- [Data in this exercise]:
++++++++

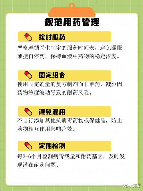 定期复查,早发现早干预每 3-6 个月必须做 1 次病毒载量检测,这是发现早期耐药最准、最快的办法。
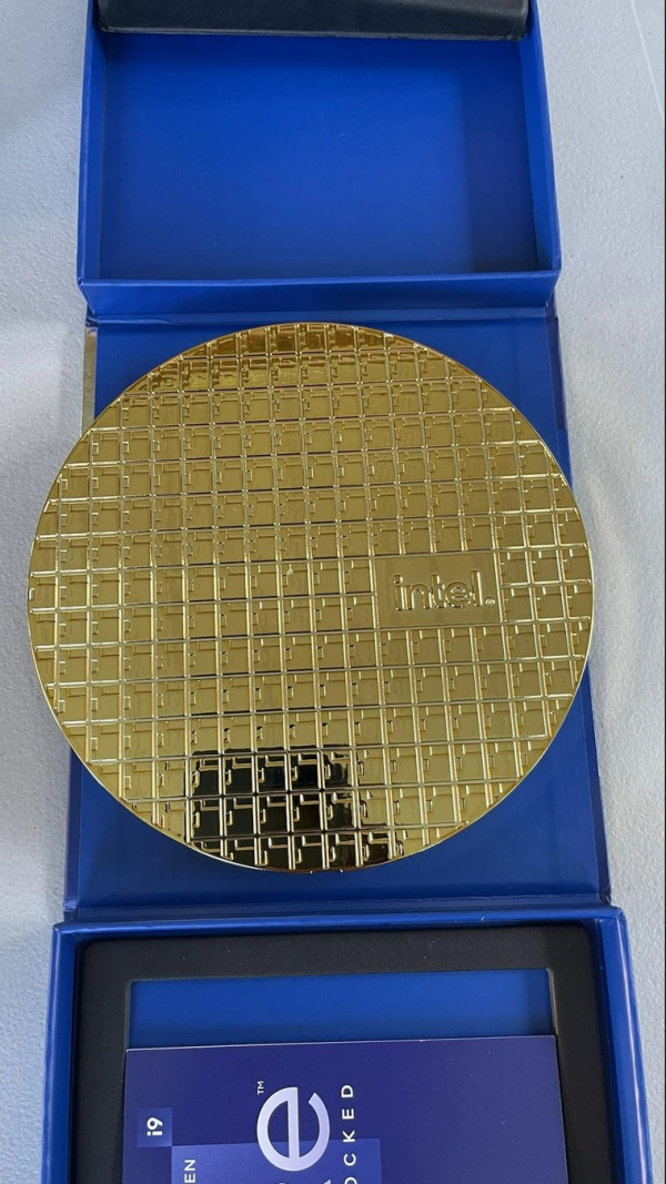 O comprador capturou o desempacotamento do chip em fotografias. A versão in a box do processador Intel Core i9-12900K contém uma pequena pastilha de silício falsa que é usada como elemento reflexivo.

++++++++

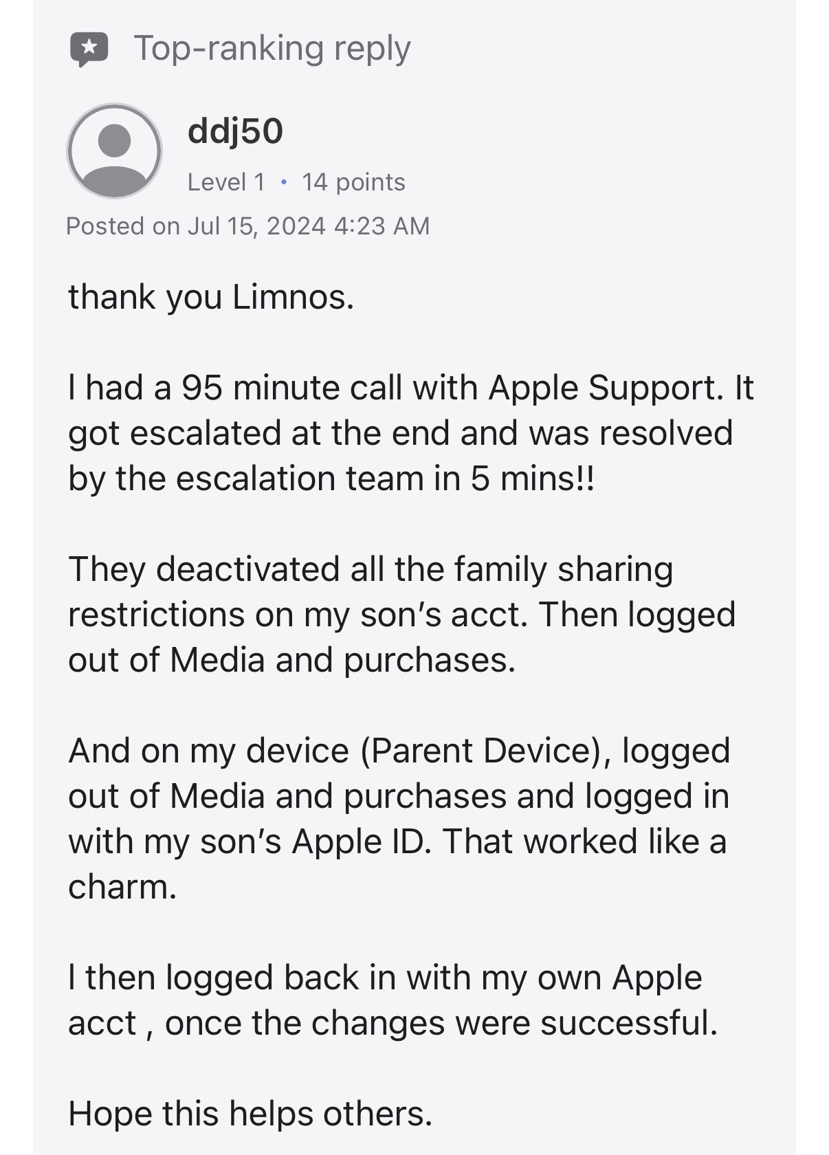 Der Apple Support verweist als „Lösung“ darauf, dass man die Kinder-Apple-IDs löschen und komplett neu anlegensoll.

++++++++

- [Task to complete]:
What should come back is an exact copy of the lines above from the line with "定期复查,早发现早干预每 3-6 个月必须做" to the line with "O comprador capturou", both included, minus the pictures.

- [Solution]:
 定期复查,早发现早干预每 3-6 个月必须做 1 次病毒载量检测,这是发现早期耐药最准、最快的办法。
 O comprador capturou o desempacotamento do chip em fotografias. A versão in a box do processador Intel Core i9-12900K contém uma pequena pastilha de silício falsa que é usada como elemento reflexivo.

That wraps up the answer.